## Exercise details
From the first line of the data down to and including the line with "Кроме подсветки на", copy everything exactly, leaving out pictures.
-- Material provided follows --
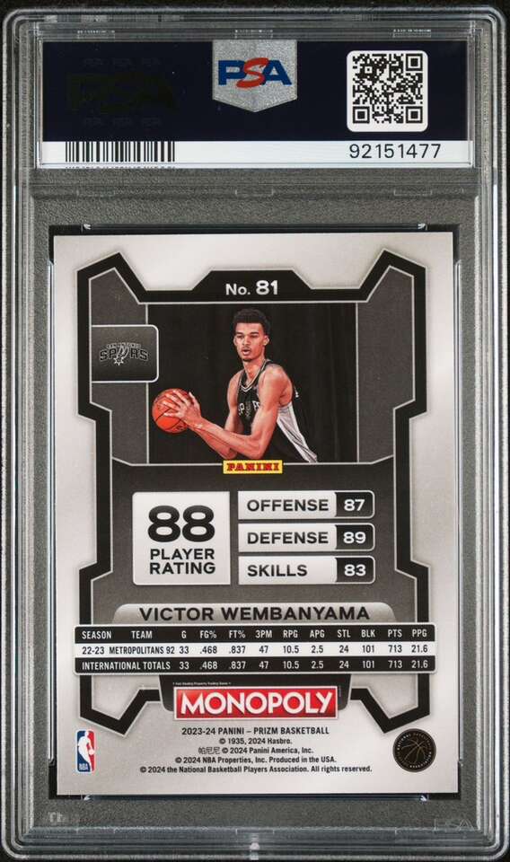 2023 Prizm Monopoly Victor Wembanyama Rookie #81 PSA 10 Spurs
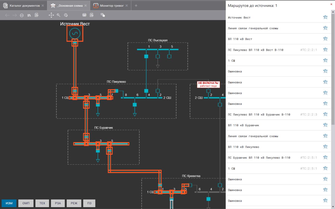 Кроме подсветки на схеме выводится подробный список с элементами, для каждого элемента доступна кнопка быстрого перехода.
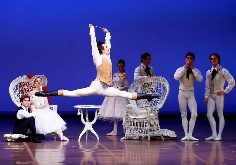 В этой заметной роли — с вариацией, в которой игривая Прюданс залихватски скачет на пуантах,— дебютировала Антонина Чапкина, солистка с огромным подъемом, из-за которого, прыгая на пальцах, она постоянно рискует подвернуть ногу — понятно, что никакой резвости в ее танце быть не может в принципе. Вторая дебютантка — улыбчивая Мария Мишина с неряшливой стопой и аффектированной мимикой — наделила свою светскую куртизанку повадками пионервожатой. Новенькими были и оба отца Дюваля, разрушающие счастье влюбленной пары в обстоятельном дуэте с Маргаритой. Егор Хромушин в этом важнейшем психологическом диалоге был тонок и точен, а вот бывший премьер Руслан Скворцов лишь отбывал актерскую повинность.
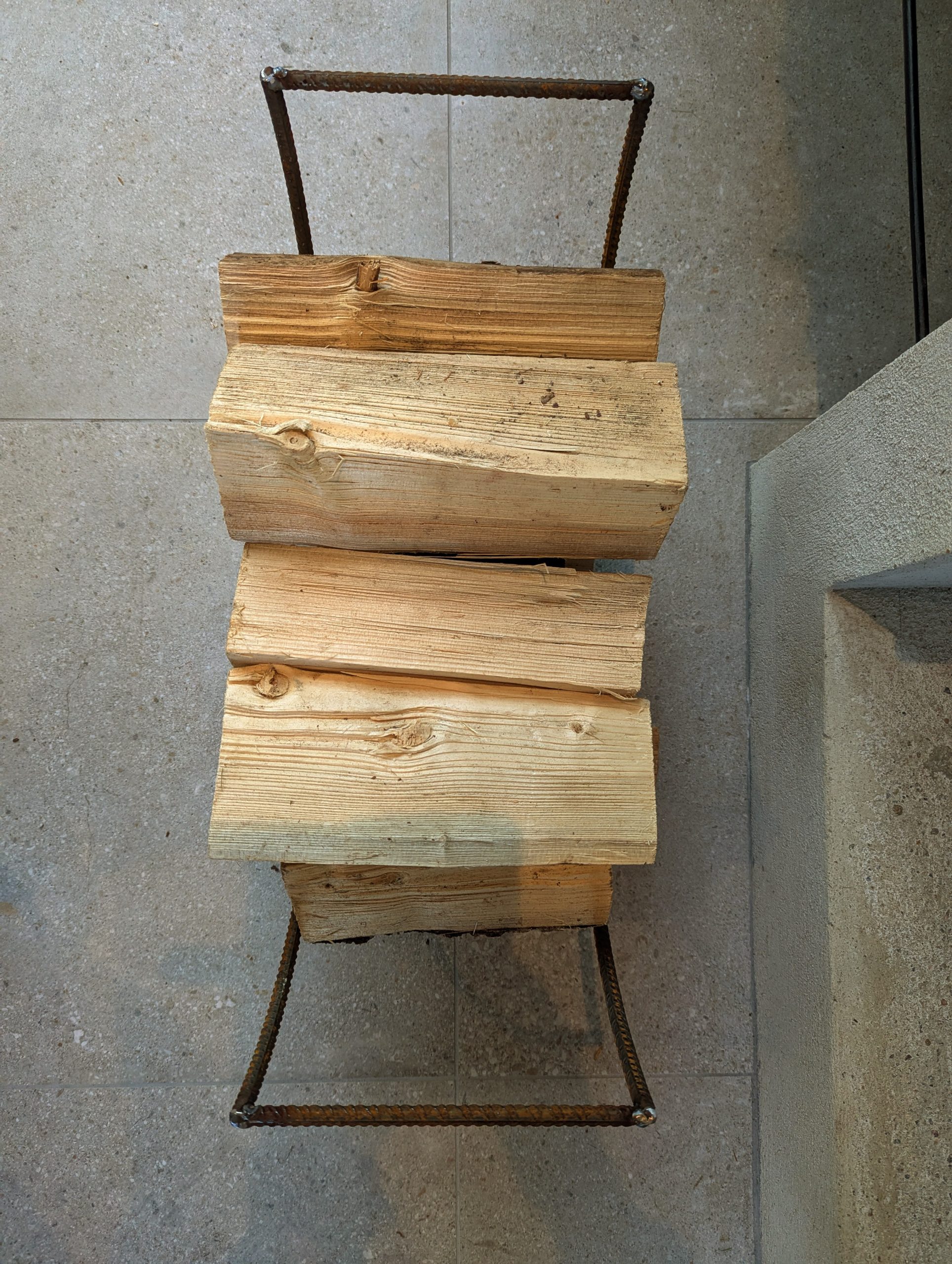 Dekorativt vedställ för utom- och inomhusbruk. Storleken kan anpassas efter dina önskemål.
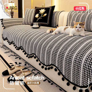 防猫抓沙发垫四季通用2025新款雪尼尔高级感固定防滑坐垫直排盖布
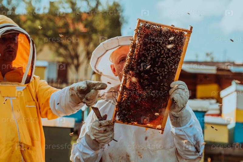 Пчеловоды проверяют мед на рамке улья в поле. Владельцы малого бизнеса на пасеке. Производитель натуральных здоровых продуктов питания работает с пчелами и ульями на пасеке
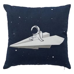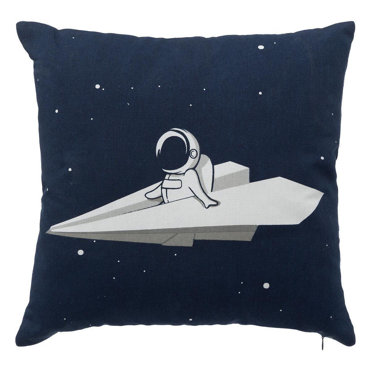 Informations Techniques : Dimensions : L. 40 x l. 40 x H. 10 cm Matières : Polyester & Coton Spécificités : Déco & Utile Coussin carré Motif astronaute Déhoussable Fermeture zippée Poids : 0,35 kg Couleur : Bleu Foncé
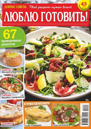 «Добрые советы. Люблю готовить!» — журнал о вкусной еде, не похожий на другие кулинарные издания. Все опубликованные в нем рецепты присланы в редакцию самими читателями. Каждый рецепт прошел конкурсный отбор, а его автор получил денежный приз. Ежемесячно на страницах журнала — более 100 коронных блюд, которые многократно проверены опытными хозяйками и которые можно смело брать в свою коллекцию рецептов тем, кто любит баловать родных и удивлять гостей.
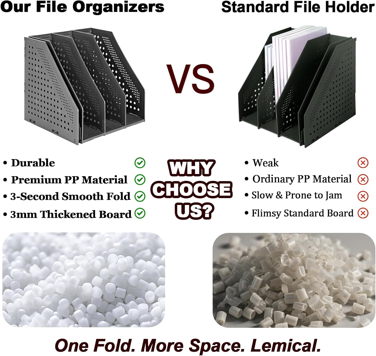 - ♥OPEN SLOTS DESIGN --- Compared to regular file folders, Lemical this file holder has an open slots design with no width limitation. You can either put A4 plus paper, big magazines in it, or store other large-sized files box to keep your desk neat
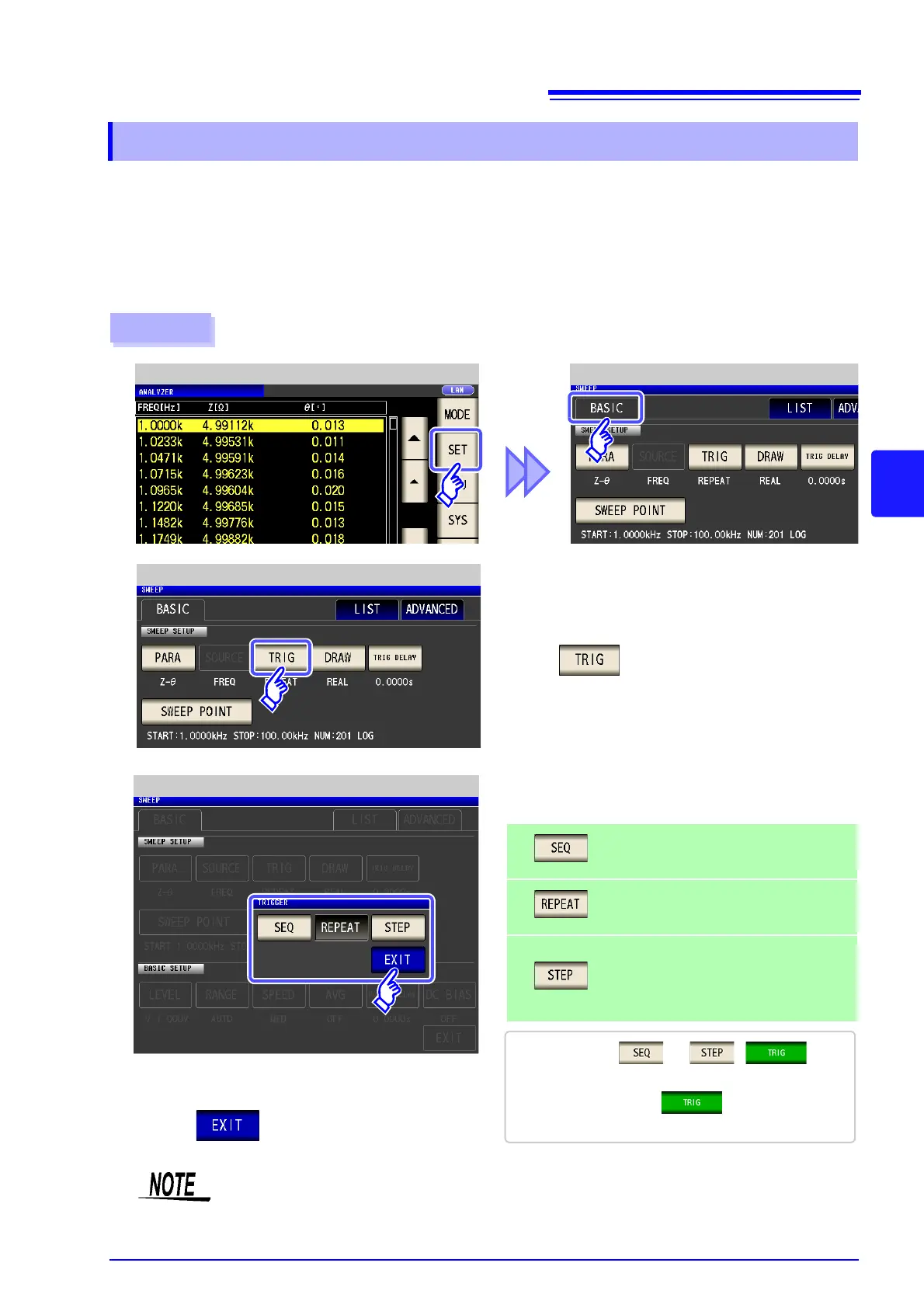 Set the trigger. In ANALYZER mode, sweeping is performed in accordance with the trigger setting that is set
-- Material provided concluded --
## Response box
 2023 Prizm Monopoly Victor Wembanyama Rookie #81 PSA 10 Spurs
 Кроме подсветки на схеме выводится подробный список с элементами, для каждого элемента доступна кнопка быстрого перехода.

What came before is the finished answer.